Page MenuHomePhabricator

EventLogging needs to enque events to avoid draining users' battery on mobile
Open, HighPublic8 Story Points

Description

Similar to how it is done in the statsv client we should enque EL events so we are not sending frequent beacons. See statsv code: https://gerrit.wikimedia.org/r/#/c/mediawiki/extensions/WikimediaEvents/+/500046/

This change is important in the light of baseline metrics like session length that might be sending pings every N seconds.
https://wikitech.wikimedia.org/wiki/Analytics/Data_Lake/Traffic/SessionLength

Note that we are not talking about batching events but rather enqueuing them, they are not batched into a single network call, but rather the network calls happen around the same time. This improves battery usage on mobile as there is no need to wake up the radio (expensive) every few seconds to send analytics pings.

Event Timeline

Nuria created this task.Jun 11 2019, 10:42 PM
Restricted Application added a subscriber: Aklapper. · View Herald TranscriptJun 11 2019, 10:42 PM
fdans triaged this task as High priority.Jun 13 2019, 5:00 PM
fdans moved this task from Incoming to Smart Tools for Better Data on the Analytics board.
Nuria updated the task description. (Show Details)Jun 13 2019, 5:20 PM
Gilles moved this task from Inbox to Radar on the Performance-Team board.Jun 17 2019, 8:15 PM
Gilles edited projects, added Performance-Team (Radar); removed Performance-Team.
Nuria assigned this task to Milimetric.Jul 5 2019, 5:22 PM
Nuria added a project: Analytics-Kanban.
Nuria added a subscriber: Gilles.

Ping @Gilles: work on this to start second week of July

@Krinkle so I'm looking at this and feeling a little uncomfortable about basically duplicating the logic from WikimediaEvents.
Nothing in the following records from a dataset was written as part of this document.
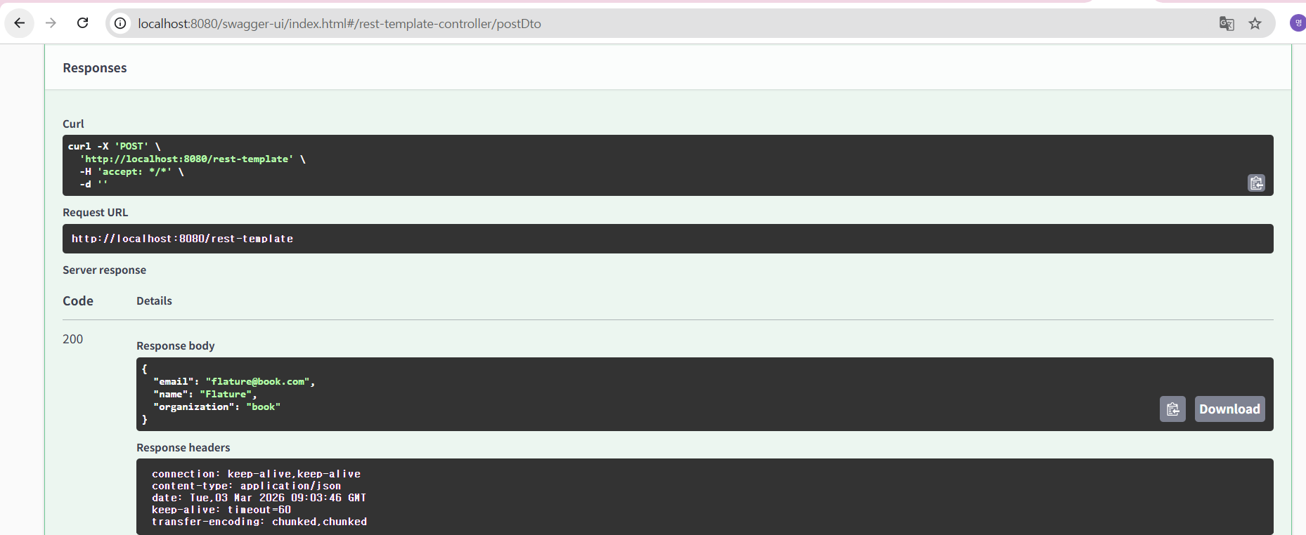 (6) 서버(resttemplate 프로젝트) 실행 후, swagger 페이지(http://localhost:8080/swagger-ui/index.html)에서 postDto() 메서드 호출한 결과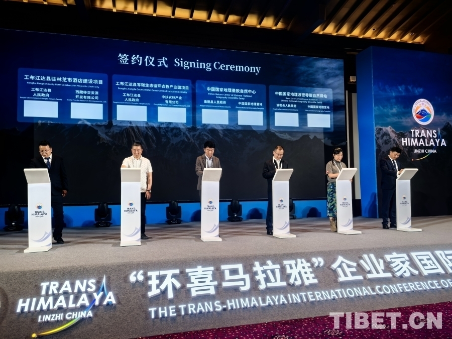 6月27日,“環(huán)喜馬拉雅”企業(yè)家國(guó)際會(huì)議在西藏林芝舉行。圖為現(xiàn)場(chǎng)簽約儀式 攝影:王淑
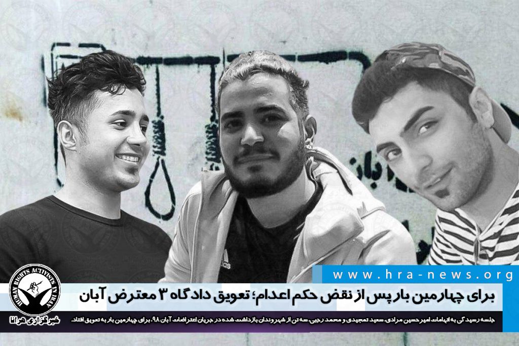 امیرحسین مرادی، سعید تمجیدی و محمد رجبی، سه تن از شهروندان بازداشت شده در جریان اعتراضات سراسری ۹۸ موسوم به “اعتراضات آبان” پیشتر توسط دادگاه انقلاب تهران به اعدام محکوم شدند. این افراد علاوه بر این مجموعا به ۳۸ سال زندان و ۲۲۲ ضربه شلاق نیز محکوم شدند.
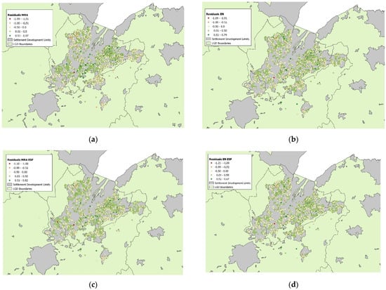 Whilst the findings reveal a notable increase in model performance, the inclusion of the ESFs has reduced the residual error and level of spatial autocorrelation across the study area geography (Figure 4a–d), with the delineated spatial models demonstrating larger clusters of heightened residuals within specific locales. In essence, there appears larger differences between the actual and estimated sales prices which the standard regression and Elastic-net models have not successfully addressed as a consequence of SA and not detecting the underpinning spatial patterns.

What do you think about an EventQueue class in the eventLogging core module? It would do common things (managing the timer, schedule, and handle pagehide/visibilitychange). You would pass logic to it for dispatch. So we'd refactor WikimediaEvents to use it and also use it for Event Logging to address this task here.

Yes, a common interface for this would make sense. I'd go further and actually also make it a singleton so as to not have multiple instances tracking and reflecting the same in-browser state. Probably something generic callback-based, like (mw.)requestIdleCallback and (window.)requestAnimationCallback do already.

Hm, if it's a singleton then clients would have to namespace events. Because the statsv client wants to batch events and send them together while the EventLogging client just wants to send them one at a time. So dispatch would be:

dispatch ( namespace ) {
    // get events in { namespace } as a list
    // call a specific callback like { callbacks[ namespace ] } with the list
    // get back a list of URLs
    // loop over the list and call sendBeacon
}

That would allow the statsv client to squish the list of events into a list of one URL, and the EventLogging client to $.map it into another list.

I think it would be cleaner to have separate instances than have namespaces.

Nuria added a comment.Jul 17 2019, 6:06 PM

If it is a singleton there would be 1 queue but in this case the statsd queue and EL queue are different (and so is the dispatch method for either) so the queue management and dispatch would need to happen outside the singleton so it ends up being a bit of fake-singleton no? (totally could be missing some well -stablished mw conventions here)

Change 524575 had a related patch set uploaded (by Milimetric; owner: Milimetric):
[mediawiki/extensions/EventLogging@master] [WIP] Refactor queue/batching of events from statsv to eventLog module.

https://gerrit.wikimedia.org/r/524575

Change 524576 had a related patch set uploaded (by Milimetric; owner: Milimetric):
[mediawiki/extensions/WikimediaEvents@master] [WIP] Refactoring queue/batching of events to eventLog module

https://gerrit.wikimedia.org/r/524576

If it is a singleton there would be 1 queue but in this case the statsd queue and EL queue are different (and so is the dispatch method for either) [..]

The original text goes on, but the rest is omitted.